Net earnings were $291 million, or 89 cents per share, in the three months ending Dec. 31, Telus said Friday.
"Our company is positioned well to achieve our 2013 financial targets and continue to advance our national growth strategy," chief executive Darren Entwistle told analysts on a conference call.
"We firmly believe that Telus will continue to build on this extraordinary momentum in 2013 and beyond," he said.
Entwistle said he would update shareholders at Telus's annual meeting in May on its dividend and share buyback plans.
The Vancouver-based provider of wireless, Internet and television services and home-phone services said its profit was $237 million, or 76 cents per share, in the same quarter of 2011. Both periods included favourable tax-related adjustments of $10 million.
Earnings per share on an adjusted basis were 86 cents in the quarter, missing the average estimate of analysts compiled by Thomson Reuters by a penny per share.

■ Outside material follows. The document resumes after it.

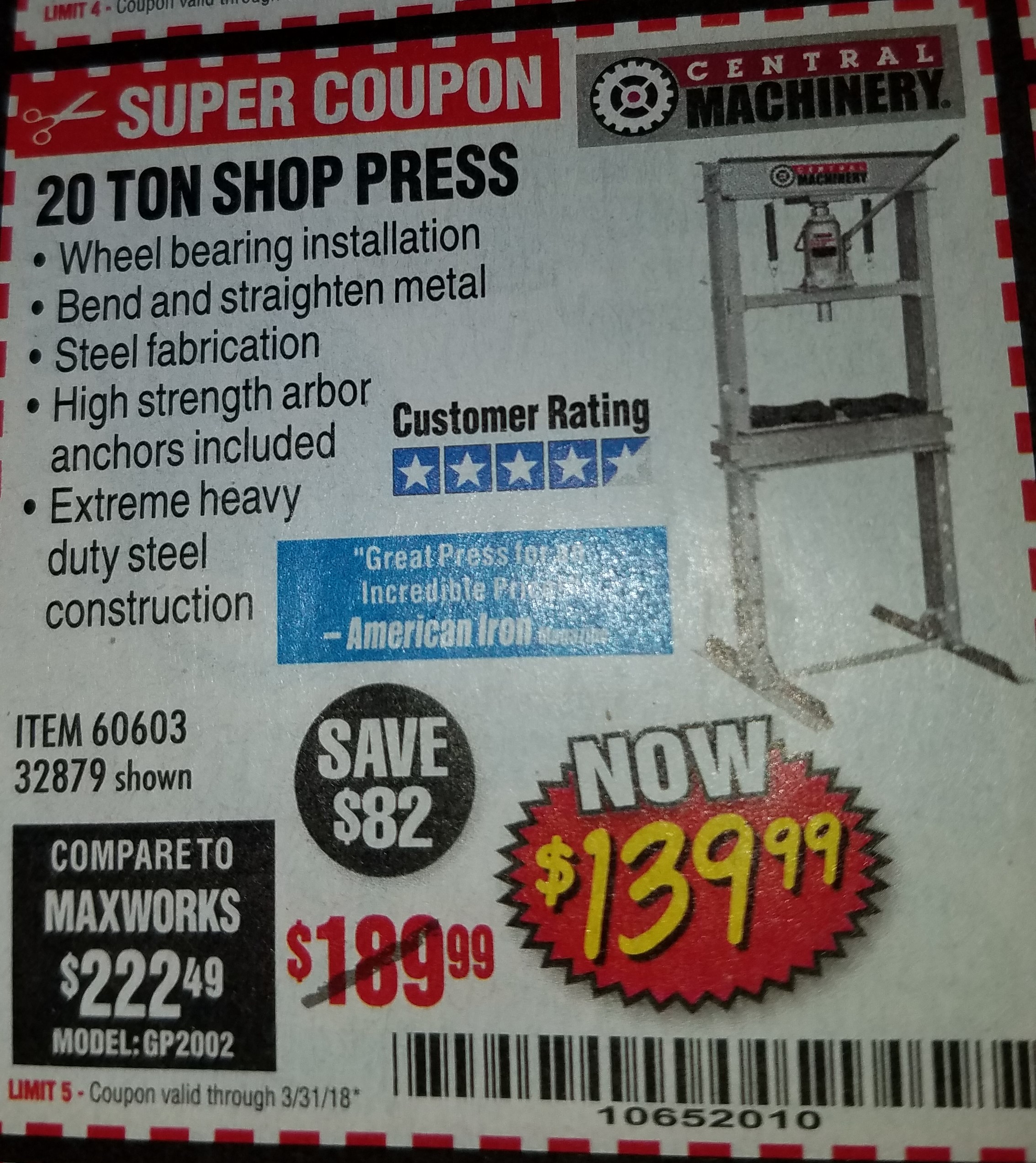 20 TON SHOP PRESS Lot No. 32879/60603 Expired: 3/31/18 - $139.99 Coupon Code: '10652010'

Revenue rose to $2.85 billion from $2.69 billion.
In its wireless division, Telus had 123,000 net postpaid wireless customers, down 17 per cent from the same quarter in 2011.
Wireless revenues increased by $109 million or 7.7 per cent to more than $1.5 billion in the fourth quarter of 2012, compared to the same period a year ago.
Data revenue, which makes up 41 per cent of wireless network revenue, increased by $104 million or 22 per cent to $570 million.
The company added 41,000 new TV subscribers and 23,000 high-speed Internet customers, partially offset by losses of prepaid wireless customers, phone lines and dial-up Internet.
The company's wireless subscriber base of 7.7 million was up 4.5 per cent year over year, the Telus TV subscriber base of 678,000 was up 33 per cent and the number of high-speed Internet customers was up nearly seven per cent to 1.3 million.